A multi-temporal strategy for updating a map using existing cartography, a satellite image and an altimetric dataset was applied in a study area located in the eastern part part of Lisbon [16]. The aim of this analysis is to highlight those areas where changes have most likely occurred, thus rendering the existing map outdated.

The selected area occupies 64 ha (800 m X 800 m), and is characterized by several building typologies including industrial properties, schools, apartments and single-family housing (Figure 1).

The spatial database explored in this case study included cartography, satellite imagery and altimetric data. The map to be updated is the Lisbon’s Municipal Cartography from 1998, at a 1:1 000 scale. The altimetric data are compiled by the normalized Digital Surface Model (nDSM). An nDSM is a spatial dataset that depicts the elevation of all objects above the ground. The nDSM of the study area is from 2006, and has 1 m resolution. The imagery includes a pansharp QuickBird image acquired in 2005, with a 0.6 m pixel size.

Figure showing Map updated to 2006 showing the type of changes occurring in the study area.

Figure 2 – Map updated to 2005 showing the type of changes occurring in the study area.

The goal of this application is to produce updated information for the following classes present in the 1998 Municipal Cartography: “Buildings”, “Annexes” and “Shacks”. The extraction methodology was applied to this dataset using a feature extraction software to produce a map of the buildings present in the image. After building extraction, a post-processing stage was conducted to enhance the geometric quality of the elements.

Once the 2005 building map was developed, the next step was to produce a changed map using the 1998 municipal map at the 1:1 000 scale. The change detection process was able to identify missing structures and to detect new ones. For objects with an area larger than 20 m2, the detection quality had an overall accuracy of 99%. Figure 2 shows the updated map with detected changes and their type.
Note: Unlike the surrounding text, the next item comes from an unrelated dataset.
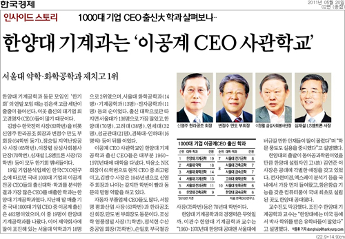 한양대 기계공학과, 이공계 CEO 배출 1위

In the period under analysis, the main types of change identified in the study area were shack eradication and building demolitions (industrial properties), newly built industrial sites (e.g., the wastewater treatment plant, located in the bottom left corner of the map) and new residential housing (e.g., two multi-family buildings).
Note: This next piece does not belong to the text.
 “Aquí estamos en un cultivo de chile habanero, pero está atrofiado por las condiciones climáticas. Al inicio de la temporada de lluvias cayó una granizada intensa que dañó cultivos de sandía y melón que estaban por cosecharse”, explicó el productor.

Municipal technicians can use this new product to decide, based on analysis of the image and related information, if the marked spot is in fact a change area (a new urbanization or a built-up object that was demolished), and if so, to update the map by adding new buildings or eliminating demolished buildings in the old cartography. Technicians can eliminate any spots considered to be false detections.
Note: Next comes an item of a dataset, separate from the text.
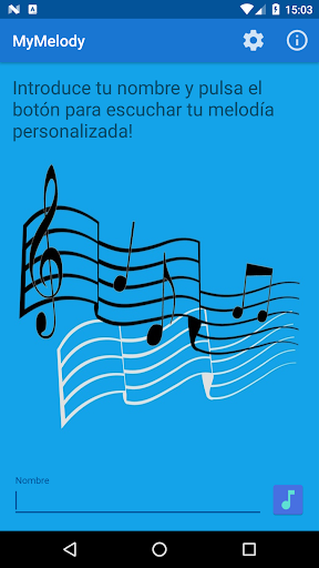 Introduce tu nombre y pulsa el botón para escuchar tu melodía personalizada. Puedes modificar el instrumento con el que quieres que suene tu melodía en los ajustes de la aplicación.

Such methodology can be used by the municipality to keep its cartographic database of urban areas up to date in the period between the development of official maps, and can achieve high thematic and positional accuracy.

Figure showing the city of Lisbon and the IKONOS-2 image used for imperviousness mapping.

Figure 3 – The city of Lisbon and the IKONOS-2 image used for imperviousness mapping.

B. Mapping of Impervious Surfaces

Impervious surfaces can generally be defined as anthropogenic features, such as roads, buildings, sidewalks and parking lots, through which water cannot infiltrate into the soil. The artificial surface coverage can be used to evaluate the quality of urban streams, and to study the effects of runoff. Impervious surface is increasingly recognized as a key indicator for assessing the sustainability of land-use changes due to urban growth [17].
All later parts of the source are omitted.